I've been wanting to tell folks about a discovery that caused a bit more of the Shobogenzo fall into place for me. I intended to write about it as soon as I got back from this fall's Genzo-e on Komyō, Radiant Brightness, but work and the holidays have kept me from writing.
At the Genzo-e Okumura mentioned the Five Eyes. Because the Shobogenzo is called "The True Dharma Eye Treasury" when I got back I pulled up what I could about the Five Eyes. Here's a summary.
The Five Eyes* are:
The human eye - our physical eye, which, while better than the eye of a barnacle, only sees a limited range of light in the electromagnetic spectrum. This means a lot more comes and goes in the world than we perceive. We can't completely know reality because our perceptions are limited. Then again, the question arises, how much do we need to know? Most of us survive okay for the typical duration of a human life span.

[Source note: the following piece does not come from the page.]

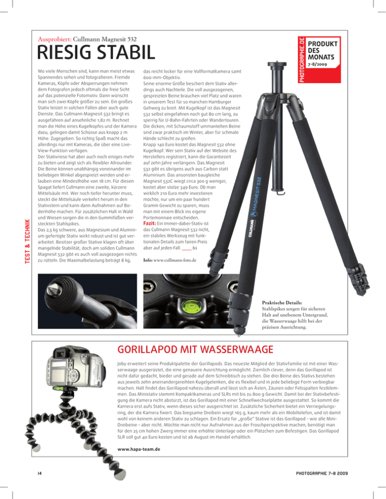 Ausprobiert: Cullmann Magnesit 532 TEST & TECHNIK RIESIG STABIL Wo viele Menschen sind, kann man meist etwas Spannendes sehen und fotografieren. Fremde Kameras, Köpfe oder Absperrungen nehmen dem Fotografen jedoch oftmals die freie Sicht auf das potenzielle Fotomotiv. Dann wünscht man sich zwei Köpfe größer zu sein. Ein großes Stativ leistet in solchen Fällen aber auch gute Dienste. Das Cullmann Magnesit 532 bringt es ausgefahren auf ansehnliche 1,82 m. Rechnet man die Höhe eines Kugelkopfes und der Kamera dazu, gelingen damit Schüsse aus knapp 2 m Höhe. Zugegeben: So richtig Spaß macht das allerdings nur mit Kameras, die über eine LiveView-Funktion verfügen. Der Stativriese hat aber auch noch einiges mehr zu bieten und zeigt sich als flexibler Allrounder: Die Beine können unabhängig voneinander im beliebigen Winkel abgespreizt werden und erlauben eine Mindesthöhe von 18 cm. Für diesen Spagat liefert Cullmann eine zweite, kürzere Mittelsäule mit. Wer noch tiefer herunter muss, steckt die Mittelsäule verkehrt herum in den Stativstern und kann dann Aufnahmen auf Bodenhöhe machen. Für zusätzlichen Halt in Wald und Wiesen sorgen die in den Gummifüßen versteckten Stahlspikes. Das 2,5 kg schwere, aus Magnesium und Aluminium gefertigte Stativ wirkt robust und ist gut verarbeitet. Besitzer großer Stative klagen oft über mangelnde Stabilität, doch am soliden Cullmann Magnesit 532 gibt es auch voll ausgezogen nichts zu rütteln. Die Maximalbelastung beträgt 8 kg, 7-8/2009 das reicht locker für eine Vollformatkamera samt 600-mm-Objektiv. Seine enorme Größe beschert dem Stativ allerdings auch Nachteile. Die voll ausgezogenen, gespreizten Beine brauchen viel Platz und waren in unserem Test für so manchen Hamburger Gehweg zu breit. Mit Kugelkopf ist das Magnesit 532 selbst eingefahren noch gut 80 cm lang, zu sperrig für U-Bahn-Fahrten oder Wandertouren. Die dicken, mit Schaumstoff ummantelten Beine sind zwar praktisch im Winter, aber für schmale Hände schlecht zu greifen. Knapp 140 Euro kostet das Magnesit 532 ohne Kugelkopf. Wer sein Stativ auf der Website des Herstellers registriert, kann die Garantiezeit auf zehn Jahre verlängern. Das Magnesit 532 gibt es übrigens auch aus Carbon statt Aluminium. Das ansonsten baugleiche Magnesit 532C wiegt circa 300 g weniger, kostet aber stolze 349 Euro. Ob man wirklich 210 Euro mehr investieren möchte, nur um ein paar hundert Gramm Gewicht zu sparen, muss man mit einem Blick ins eigene Portemonnaie entscheiden. Fazit: Ein Immer-dabei-Stativ ist das Cullmann Magnesit 532 nicht, ein stabiles Werkzeug mit funktionalen Details zum fairen Preis aber auf jeden Fall. _ fri Info: www.cullmann-foto.de Praktische Details: Stahlspikes sorgen für sicheren Halt auf unebenem Untergrund, die Wasserwaage hilft bei der präzisen Ausrichtung. GORILLAPOD MIT WASSERWAAGE Joby erweitert seine Produktpalette der Gorillapods. Das neueste Mitglied der Stativfamilie ist mit einer Wasserwaage ausgerüstet, die eine genauere Ausrichtung ermöglicht. Ziemlich clever, denn das Gorillapod ist nicht dafür gedacht, bieder und gerade auf dem Schreibtisch zu stehen. Die drei Beine des Stativs bestehen aus jeweils zehn aneinandergereihten Kugelgelenken, die es flexibel und in jede beliebige Form verbiegbar machen. Halt findet das Gorillapod nahezu überall und lässt sich an Ästen, Zäunen oder Felsspalten festklemmen. Das Ministativ stemmt Kompaktkameras und SLRs mit bis zu 800 g Gewicht. Damit bei der Stativbefestigung die Kamera nicht abstürzt, ist das Gorillapod mit einer Schnellwechselplatte ausgestattet. So kommt die Kamera erst aufs Stativ, wenn dieses sicher ausgerichtet ist. Zusätzliche Sicherheit bietet ein Verriegelungsring, der die Kamera fixiert. Das biegsame Dreibein wiegt 165 g, kaum mehr als ein Mobiltelefon, und ist damit wohl von keinem anderen Stativ zu schlagen. Ein Ersatz für „große“ Stative ist das Gorillapod – wie alle MiniDreibeine – aber nicht. Möchte man nicht nur Aufnahmen aus der Froschperspektive machen, benötigt man für den 25 cm hohen Zwerg immer eine erhöhte Unterlage oder ein Plätzchen zum Befestigen. Das Gorillapod SLR soll gut 40 Euro kosten und ist ab August im Handel erhältlich. www.hapa-team.de 14 PHOTOGRAPHIE 78 2009

The divine or heavenly eye - the divine eye is an eye with the obstructions removed. Because the divine eye is free of limitations it can see anything and everything. The divine eye can be experienced during sitting. In addition, because telescopes, microscopes and a variety of scientific instrumentation give humans the power to perceive beyond the normal limits of the physical eye, it has been suggested these instruments can confer the divine eye. [Note: scientific instrumentation only enhances perceptions of a single 'channel'. And the sight conferred by scientific instrumentation typically doesn't get integrated into experience. So intellectual understanding of another dimension or perspective doesn't necessarily imply we have fully incorporated that dimension or perspective into our lives. The points that I'm trying to make are that (a) the average scientist doesn't experience what can be experienced during sitting and (b) in science and beyond sitting, intellectual understanding falls substantially short of experiential understanding and integration.]
The wisdom eye - the eye that sees the empty nature of phenomena and form. [For example see my 'Mind Cannot Be Grasped' posts on Shobogenzo Chapters 18 & 19.] Experiencing the bliss of emptiness during sitting and recognizing the empty nature of phenomena is freeing, because a person is no longer reflexively driven by the fears and stresses arising from the unsatisfactory aspects of life that are a natural byproduct of living.
The dharma eye - the eye of the Bodhisattva. The dharma eye is the manifestation of emptiness in form or as close to emptiness in form as it's possible to get outside of sitting. The dharma eye arises, at least in part, from the realization that the experience of emptiness during sitting and the motivation for practice and enlightenment arise out of phenomena and form. To go one step further, emptiness however blissful is also phenomenological and, therefore, empty. With this realization it seems obvious that each dharma is reality for the person experiencing it, even though each dharma is a construct of delusion. I can't see how recognition of this basic truth could fail to be accompanied by unconditional compassion.
The buddha eye - the buddha-eye integrates the sight provided by the previous four eyes at their most advanced functioning. I plan on writing more about my thoughts on the buddha eye in a separate post. (Hopefully in the near, rather than distant, future.)
Anyway...
I suspect many of you already know about the Five Eyes. For me, learning about the Five Eyes was a bit of a Doh! insight. To me it implies that Dogen wrote the Shobogenzo not only to instill compassion, but also as guidebook for people motivated by compassion -- even though Dogen, like me lately, seems to have realized that actions based on compassion are based on views and judgements and, therefore, that actions based on compassion have the potential to do as much harm as good -- a topic that admittedly continues to perplex me... But I have about three quarters more of the Shobogenzo to go.